Make it executable with chown +x readinglistreader.py and put it in your /usr/local/bin if you want. Make sure you have installed readinglistlib somewhere in your sys.path.

Examples

With no options, a list of your unread bookmarks is displayed in title,url format:

readinglistreader.py

Use the --fields option to specify the "schema" of your output table:

readinglistreader.py --fields title preview date url

By default, output is sorted by date, starting with the oldest bookmark. To sort alphabetically by article title:

readinglistreader.py --sortfield title

As an alternative to outputting a table, you can save a bookmarks file:

readinglistreader.py --bookmarks --output bookmarks.html

Note that --bookmarks mode ignores tabular output options such as --fields. However, your --show, --sortfield, and --sortorder settings are reflected in the bookmarks output.

readinglist2instapaper.py

This script uses readinglistreader.py and Daniel Schauenberg's InstapaperLibrary to add your unread Reading List articles to your Instapaper account. Specify your Instapaper account with the --username and --password arguments, or create a file named ~/.instapaperrc containing a line with your credentials formatted as username:password. Articles are not removed from your Reading List as they are added to Instapaper. This script is provided as example.

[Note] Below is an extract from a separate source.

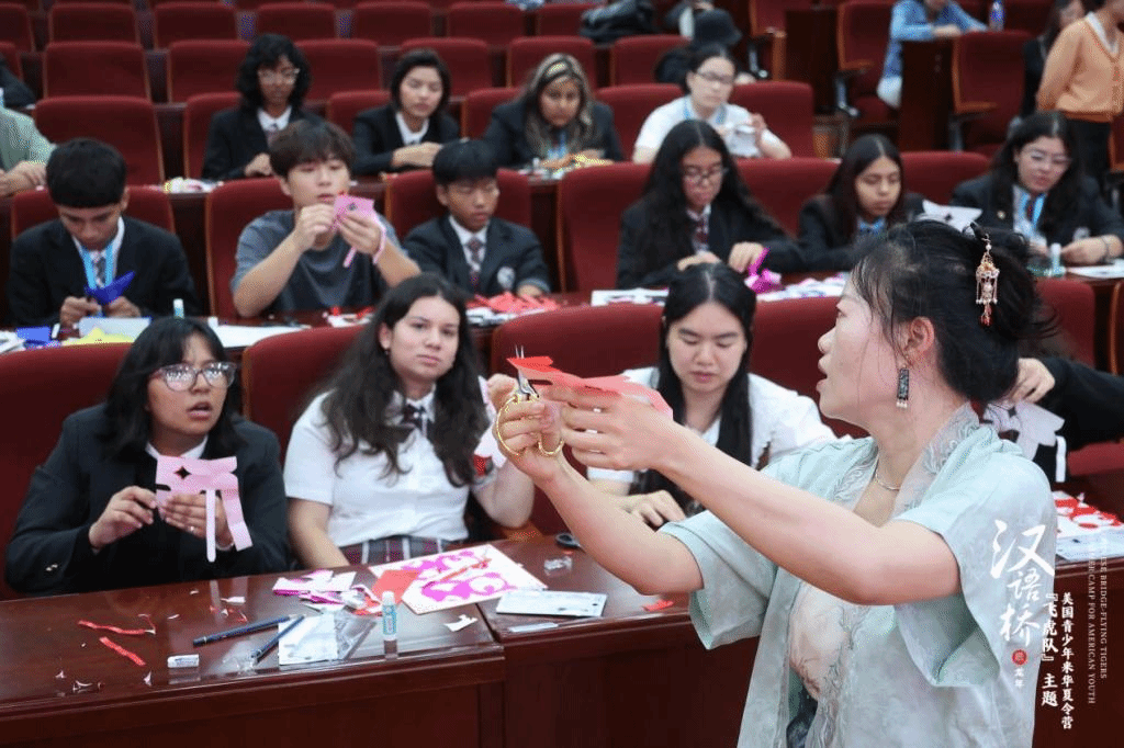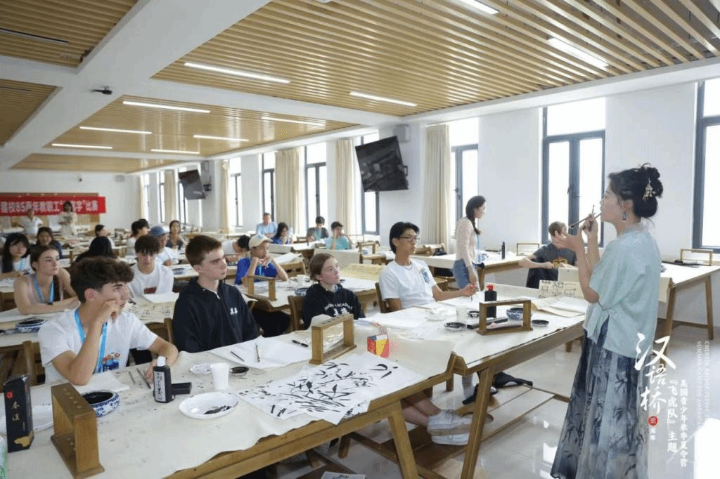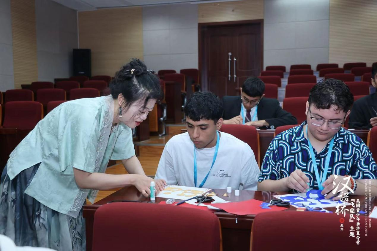 7月2日,参加汉语桥“飞虎队”主题夏令营的美国青少年们走进365英国上市官网,上了一堂生动的中国传统文化体验课。

(InstapaperLibrary is not included with this script; install it via any of the methods advised at its GitHub page, or simply put the instapaperlib package folder in the same folder as readinglist2instapaper.py.)

readinglist2pinboard.py

This is a very simply script that posts your Reading List items to your Pinboard account as bookmarks marked 'to read'. Insert your Pinboard API token in the script before running.

readinglist2html.py

readinglist2html output next to actual Reading List

This script outputs HTML for a very plain web page which displays your Reading List. Add some styles and some HTTP headers and maybe you could run it on your Mac's web server.

readinglist2pocket.py

Uses Pocket Oauth2 library to gain access token to Pocket. Afterwards, loops through unread reading list entries and bulk adds them to Pocket library.

To begin, please find copy the consumer_key in the Pocket developer portal: https://getpocket.com/developer/apps.

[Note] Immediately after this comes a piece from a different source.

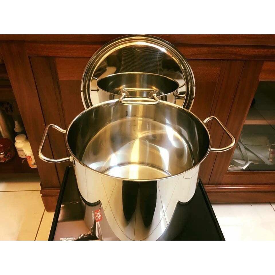 Nồi luộc gà, nấu phở Zwilling 14 lít, đường kính 28cm, bóng đẹp, dày chắc, thiết kế Classic thanh lịch, sang trọng. Hãng Zwilling là 1 trong những hãng sản xuất mẫu đồ gia dụng chất lượng nhất Đức.

Open Issues: redirect_uri usage. See Wishlist.


Wishlist

  • Allow deletion and/or mark-as-read of Reading List items. Naïvely overwriting ~/Library/Safari/Bookmarks.plist with a modified plist accomplishes this, albeit without propagating changes to synced browsers/devices. Alternatively, use GUI scripting to remove items auto-manually (more compatible, but likely more visually distracting).
  • Currently the solution implemented for readinglist2pocket.py is hacky. The redirect_uri field is not used, because there is no URI to return to. This could lead to potential phishing vulnerabilities. In an ideal solution, we would have a separate server/socket set up to serve as the redirect_uri and validate the OAuth request.

License

ReadingListReader is freely distributed under an open source MIT License:

Copyright (c) 2012 Jim DeVona

Permission is hereby granted, free of charge, to any person obtaining a copy of this software and associated documentation files (the "Software"), to deal in the Software without restriction, including without limitation the rights to use, copy, modify, merge, publish, distribute, sublicense, and/or sell copies of the Software, and to permit persons to whom the Software is furnished to do so, subject to the following conditions:

The above copyright notice and this permission notice shall be included in all copies or substantial portions of the Software.

THE SOFTWARE IS PROVIDED "AS IS", WITHOUT WARRANTY OF ANY KIND, EXPRESS OR IMPLIED, INCLUDING BUT NOT LIMITED TO THE WARRANTIES OF MERCHANTABILITY, FITNESS FOR A PARTICULAR PURPOSE AND NONINFRINGEMENT. IN NO EVENT SHALL THE AUTHORS OR COPYRIGHT HOLDERS BE LIABLE FOR ANY CLAIM, DAMAGES OR OTHER LIABILITY, WHETHER IN AN ACTION OF CONTRACT, TORT OR OTHERWISE, ARISING FROM, OUT OF OR IN CONNECTION WITH THE SOFTWARE OR THE USE OR OTHER DEALINGS IN THE SOFTWARE.